Soundly Engineered

A good example of how Constructing the Past is soundly engineered can be seen by looking at the menu bar. I wanted it to be pretty minimal when I first made it with only three items on it. But after some feedback and discussion I realized it would work better to add a little bit more to it. The first three items on the menu bar were, About/Welcome (I have yet to settle on a final name for it), Buildings, and Photo Gallery. The About menu contains the information about the project and the History of the College. But History of the College could also work as it’s own menu bar since it is not necessarily a sub-category of any of the information. Another menu bar that I am thinking of adding is one about the conclusions of the project and the connections between the other buildings.
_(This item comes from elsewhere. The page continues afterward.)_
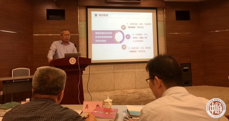 成锦平校长从现状分析、创建目标、重点项目、保障措施等方面,汇报了我校高品质示范高中的创建思路,特别介绍了“建构‘难忘教育’课程体系”“形成‘ 四位一体’育人模式”和“建成‘深度融合’智慧校园”的具体任务和项目推进策略。
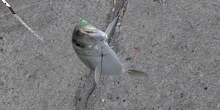 釣れない時間が長かった。 前回と同じく海面を漂っている迷いイワシを掬うことができた。3匹ゲット。

I have yet to come up with an encompassing name for it yet but would add this to my menu bar to stand alone with no subcategories. This would bring it up to five items to select from in the menu bar.
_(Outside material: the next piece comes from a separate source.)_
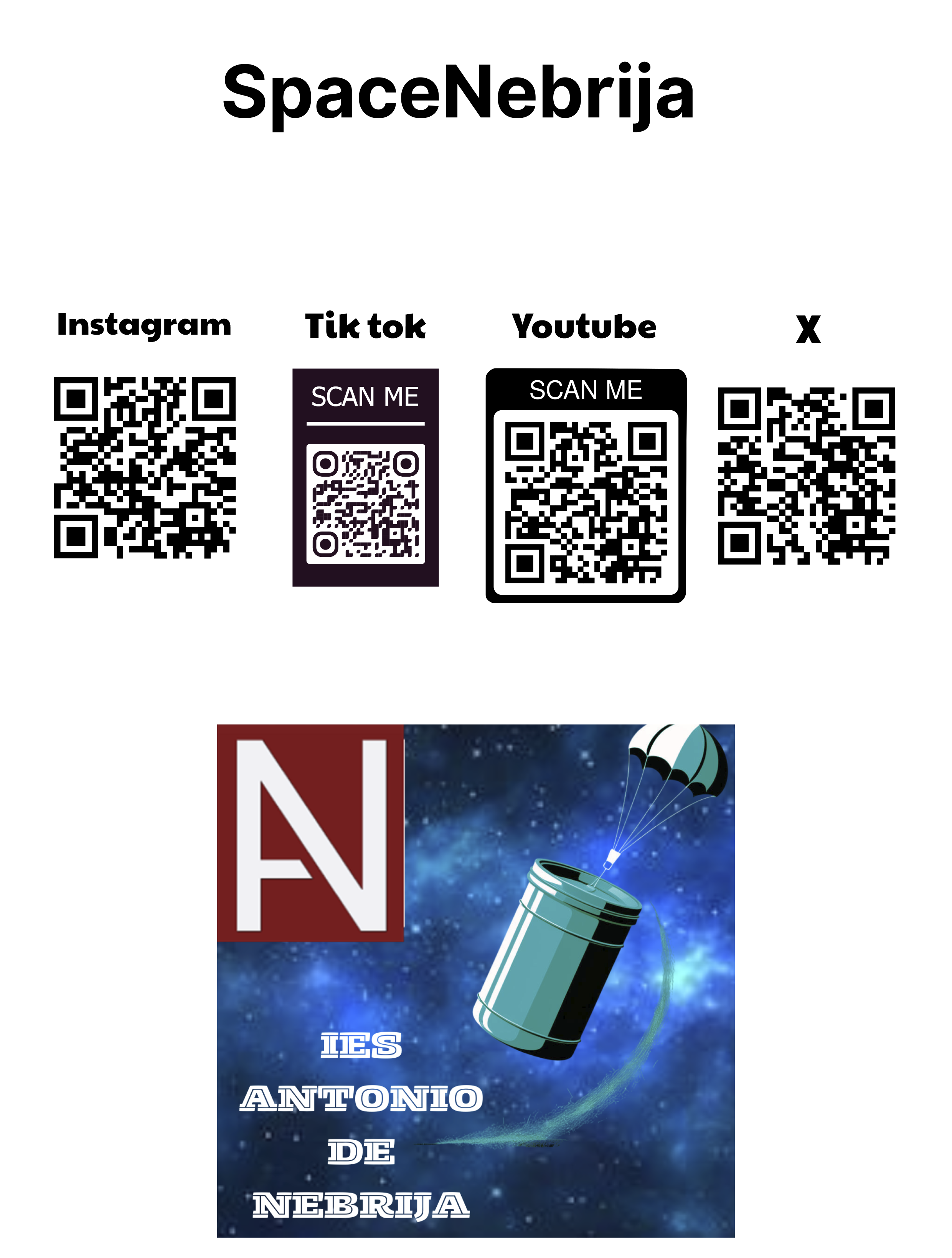 Somos un grupo de alumnos de cuarto de la ESO del Instituto de Educación Secundaria Antonio de Nebrija de Móstoles. Nuestro nombre es Space Nebrija y, actualmente, participamos en un concurso de la Agencia Espacial Europea (ESA), que consiste en diseñar un satélite del tamaño de una lata de refresco (CanSat), el cual será lanzado al espacio mediante dron, avioneta o cohete.

The most important item in the menu bar is the Buildings item. It lists the three buildings I am looking at and the subcategories that they have, Timelines, History, and Looking At (Which is not the final name). I decided to put them all under one tab because that means that potentially more buildings could be added to the analysis of the campus community. If they were all up in the menu then it makes it seem like those are the only buildings to look at when using buildings to analyze the campus. Those are just the ones I chose. By having them under a building tab it shows the potential to add more since many other buildings on campus would work and could potentially be added. This is soundly designed it was an active choice to represent how the information is organized.

This project is also soundly engineered because before starting this project I looked into what resources or documents existed.  I had already talked with the McPhersons, went to the Adams County Historical Society to look at information on the Breidenbaugh family, and talking to people at facilities to determine what information they had on the buildings and to see the Brua Architectural plans that they had. This project was guided by the information that I had already gathered. I could have found other buildings to focus on, and in my research I found many other buildings that would reflect the changes that were made and their reflection on the campus community. But I chose the three that I did because I was interested in them and had the information. I thought through all the planning of this project before starting it and checked that the information that I would need to complete it would be possible to get. This helps insure it is soundly engineered because potential directions of the project have been explored. I am also ensuring that it is soundly designed by giving my process for deciding things here, like the students did in Sound Engineering: Toward a Theory of Multimodal Soundness in Jody Shipka’s article.

One Reply to “Soundly Engineered”

  1. I think your project has, from the beginning, embraced a sound engineering philosophy, in that you have been very focused with your research topics and what exactly you want to have done. Normally a project idea starts out very large, and has to be whittled down, but yours has been pretty on target from day one! I think that shows great DH instincts, for what they are.

    Menus are always one of the things I struggle with in DH projects, because you want to give your users a lot of options and guide them in a specific way, but not overwhelm them with too many choices. So for me, not everything has to be on a menu, just what you think is most important, and let the rest of the site guide your users. That being said, I think your current menu structure is good and fits the needs of your project.